About Idiopathic Thrombocytopenic Purpura (ITP)
Idiopathic thrombocytopenic purpura is a complex blood (hematologic) disorder characterized by low platelet count. The exact root cause of ITP is not fully understood, but several theories have been proposed:
- Autoimmune destruction: ITP is mainly caused by the immune system attacking platelets by mistake. The body’s immune system sees platelets as harmful and makes antibodies that target and destroy them.
- Reduced platelet production: In some cases, ITP also affects how well platelets are made. This happens when the cells in the bone marrow that make platelets, called megakaryocytes, are not working as well as they should.
Non-modifiable risk factors for ITP are factors that cannot be changed or influenced. This includes:
- Age: People older than 60 years are at a higher risk of developing ITP.
Modifiable risk factors (factors that can be changed or influenced) for ITP are not well-understood. However, certain factors may potentially influence the development or course of ITP:
- Infections: Some studies suggest that certain infections, such as Helicobacter pylori (HP) infection, may trigger or make ITP worse in people who are more likely to develop it. However, more research is needed to establish a definitive link.
- Medications: Some medications, such as certain antibiotics and anticonvulsants, have been linked with the development of ITP in rare cases. However, the overall risk is low.
It's important to note that while these factors may be linked with an increased risk of developing ITP, they do not mean it will happen. If you have concerns about your risk for ITP or its cause, it's best to consult with your healthcare professional for personalized advice.

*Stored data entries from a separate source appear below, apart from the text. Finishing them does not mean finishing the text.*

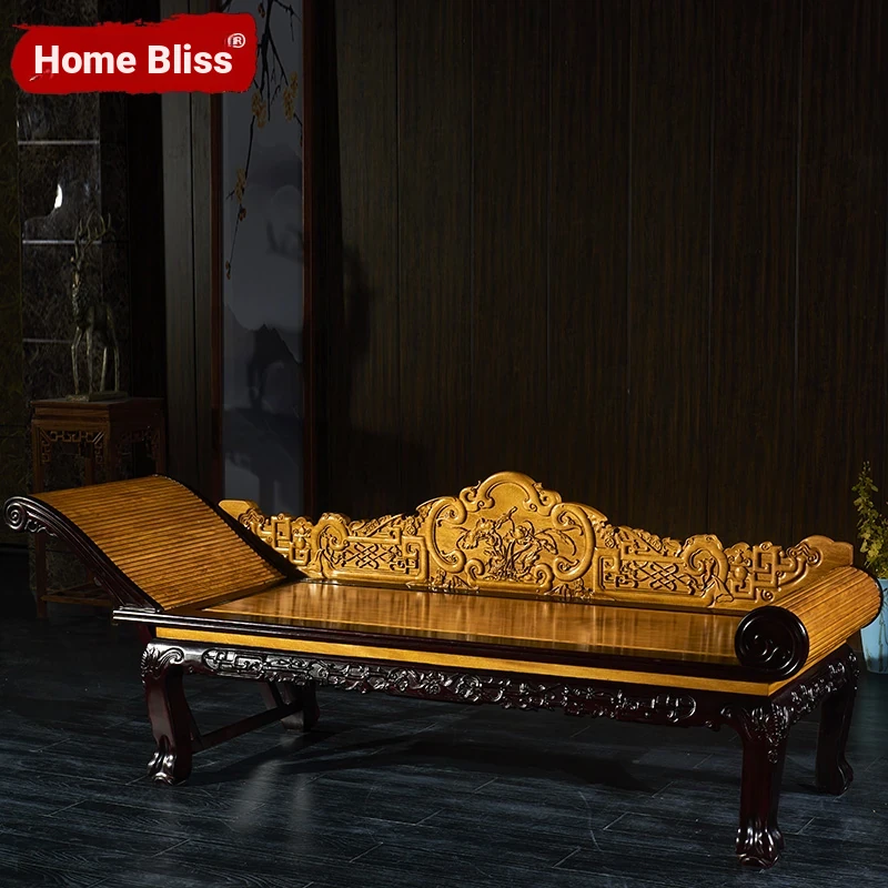 Luxury Golden Silk Nanmu Chaise Lounge - Solid Wood Red Sandalwood Bed for Living Room, Elegant Rosewood and Zitan Daybed, Perfect for Relaxation and Serenity.
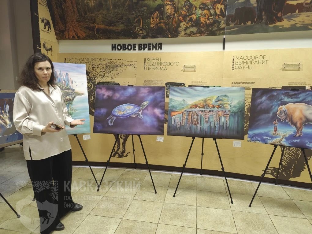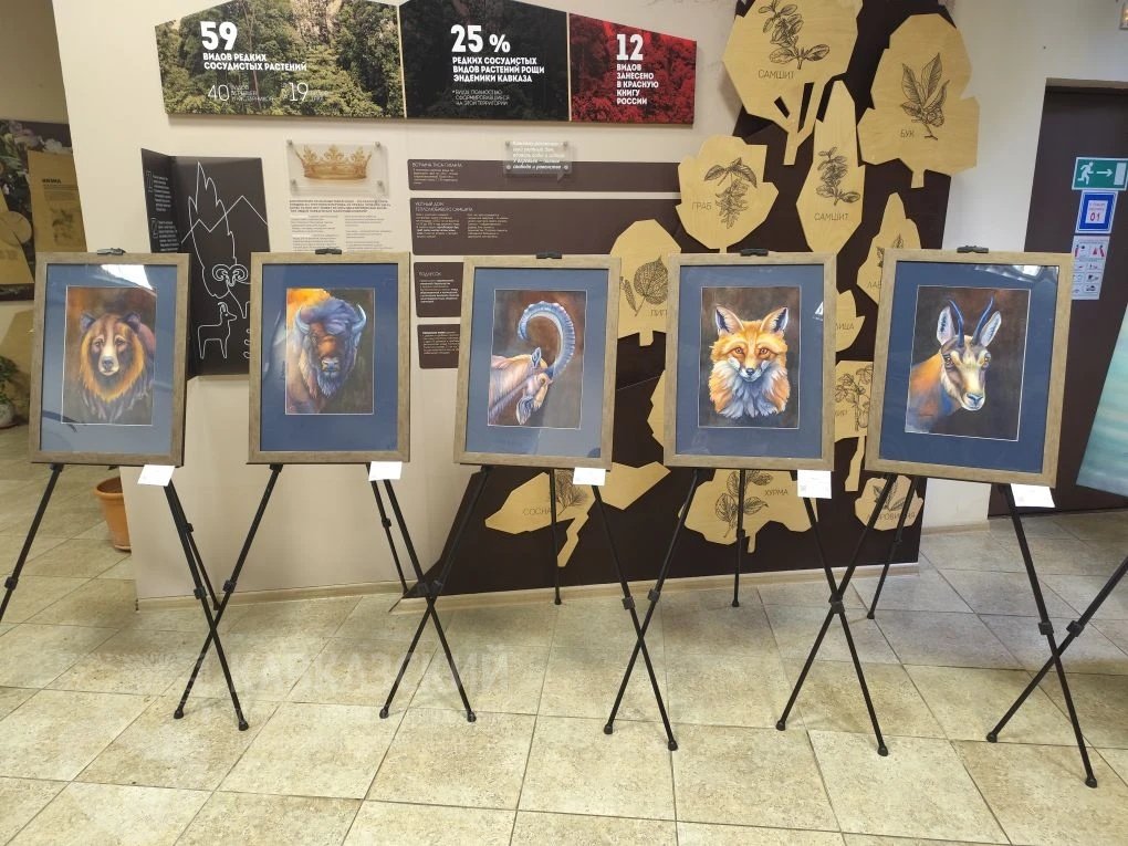 На выставке — 18 картин, посвящённых животным Кавказа и его удивительной природе. Зубры и олени, серны и медведи, горные пейзажи и лесные уголки — каждая работа дышит любовью к заповедному миру.
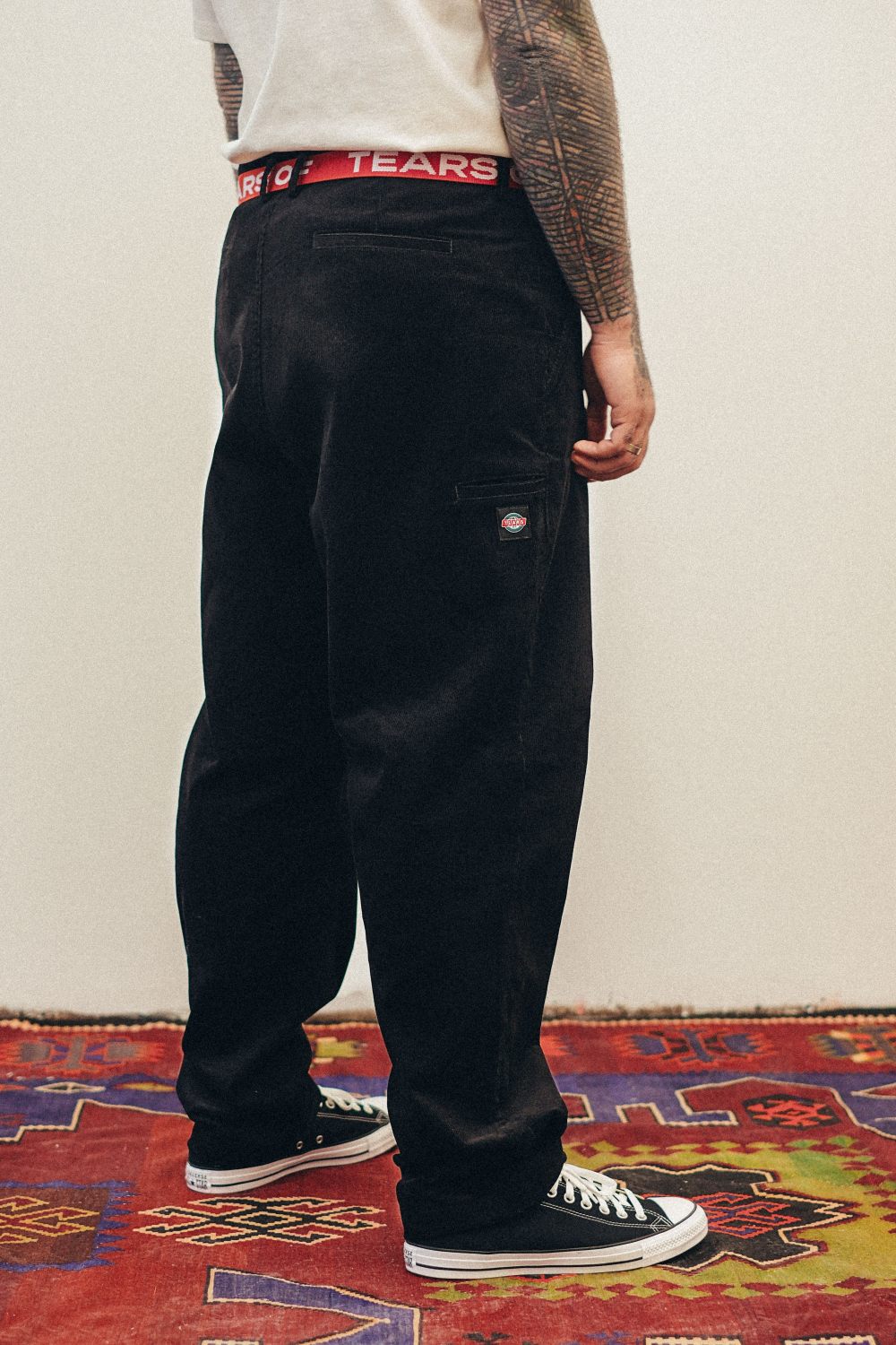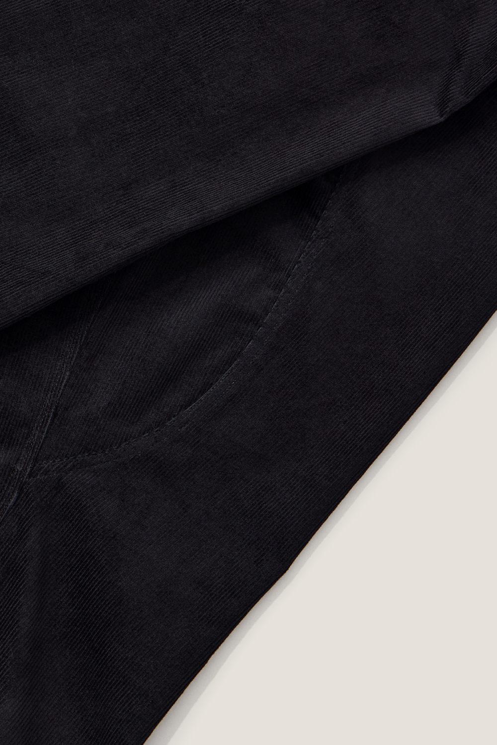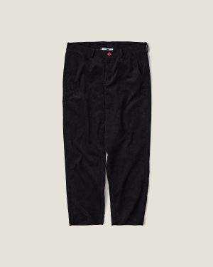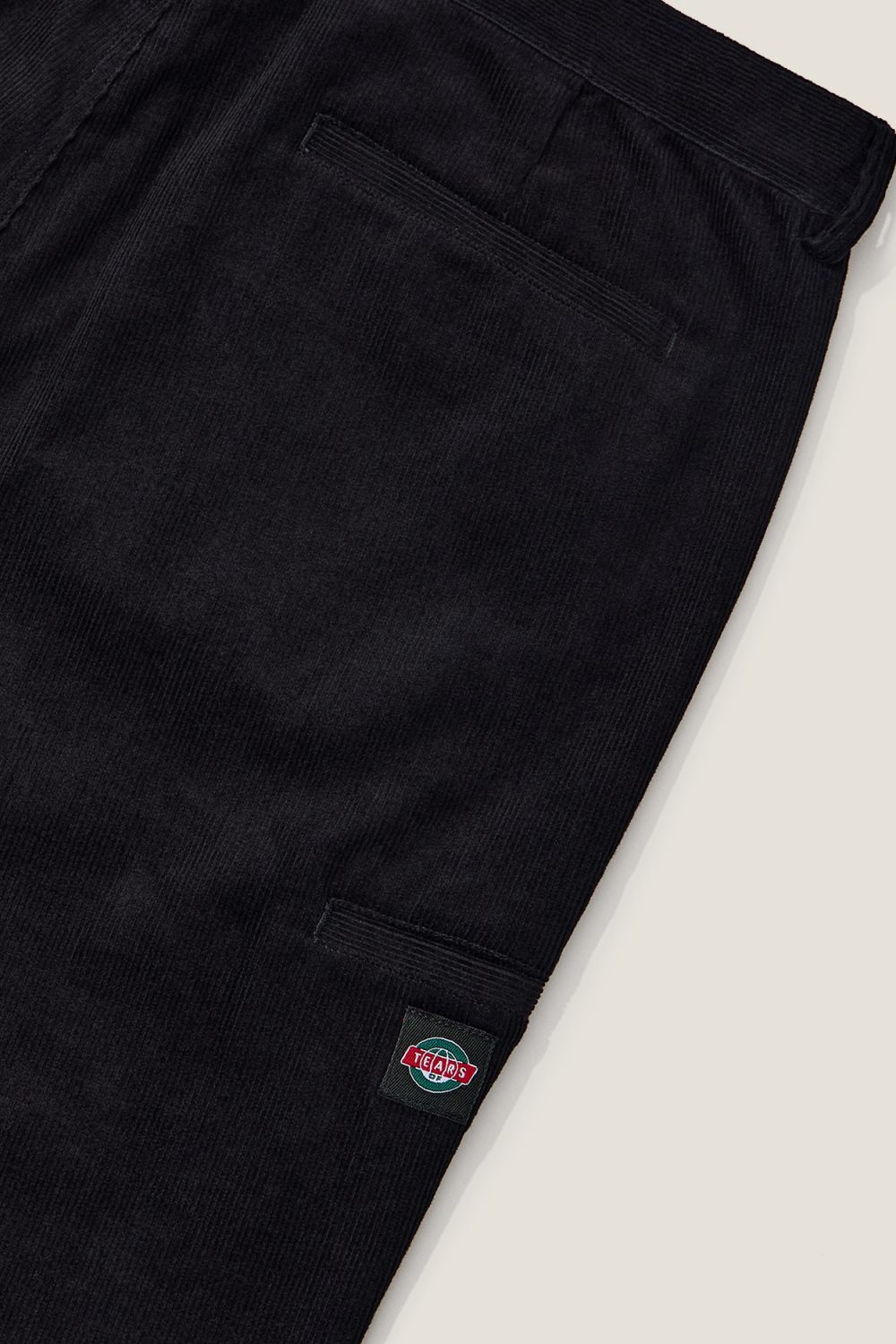 Вельветовые брюки прямого кроя из 100% хлопка. Карманы: два боковых, два задних прорезных и один на бедре. Застежка на молнию и пуговицу с контрастным эмбоссированием. Жаккардовый флажок с логотипом изнутри на нижнем крае штанины, фирменный лейбл под карманом на бедре. Цвет: черный.

The most common early symptoms of idiopathic thrombocytopenic purpura include:
- Unexplained bruises: Small red bumps on the skin (petechiae) or unexplained bruising (purpura) may appear due to low platelet counts.
- Bleeding from the gums and nose: Frequent bleeding from the gums and nose can occur as a result of impaired blood clotting.
- Fatigue: ITP can cause fatigue, which may be due to decreased platelet levels affecting overall blood function.
As the disease progresses or reaches higher severity, additional symptoms may occur, such as:
- Heavy periods: Unusually heavy menstruation can be a symptom of ITP in women.
- Blood in urine or stool: Internal bleeding can lead to blood appearing in urine or stool.
- Hematomas: Larger areas of bleeding under the skin can form hematomas, which are painful and swollen masses.
It's important to note that while these symptoms are commonly linked with ITP, they can also be part of other conditions. It is recommended to consult with a healthcare professional for an accurate diagnosis and appropriate treatment options.
To diagnose idiopathic thrombocytopenic purpura, health care providers commonly perform the following examinations, tests, and procedures:
- Physical exam: Your health care provider will look for common symptoms of ITP, such as bruising or unusual bleeding.
- Lab tests: Specific lab tests, such as a blood draw, may be recommended to check your platelet count and assess your overall blood cell levels.
- Imaging studies: Depending on your symptoms, imaging studies like ultrasounds may be recommended to check for spleen enlargement or other related issues.
Additional examinations, tests, and procedures may include:
- Clinical procedures: Your health care provider may recommend clinical procedures like bone marrow aspiration (removing a small sample of liquid bone marrow to check blood cells) or biopsy (taking a small solid piece of bone marrow to look at blood cell production) to further evaluate your condition.
- Follow-up exams: Regular follow-up exams can help monitor changes in your platelet count and assess the progression of ITP.
It's important to note that the specific examinations, tests, and procedures may vary depending on individual circumstances. Your health care provider will guide you through the diagnostic process and determine the most appropriate approach for your situation.
The goals of treatment for idiopathic thrombocytopenic purpura are to increase platelet count and reduce the risk of bleeding. Here are the recommended treatments and how they work to achieve these goals:
Medications:
- Corticosteroids: These drugs help suppress the immune system, reducing the destruction of platelets.
- Intravenous immunoglobulin (IVIG): IVIG contains antibodies that can block the destruction of platelets by the immune system.
- Thrombopoietin receptor agonists (TPO-RAs): TPO-RAs stimulate the production of platelets in the bone marrow.
- Rituximab: This medication targets specific immune cells involved in platelet destruction.
Therapeutic procedures:
- Platelet transfusion: In severe cases, transfusing platelets can temporarily raise platelet counts and prevent bleeding.
- Splenectomy: Surgical removal of the spleen can reduce platelet destruction, but it is usually considered when other treatments fail.
Self-care and health behavior changes:
- Avoid activities that may increase the risk of bleeding, such as contact sports
- Avoid certain medications that affect platelet function, such as non-steroidal anti-inflammatory drugs (NSAIDs) like ibuprofen.
It's important to note that these treatment options should be discussed with a healthcare professional before making any decisions.
Medication dosing may be affected by many factors. Check with your health care professional about dosing for your individual situation. Side effects can occur. Check with your health care professional or read the information provided with your medication for side effect information.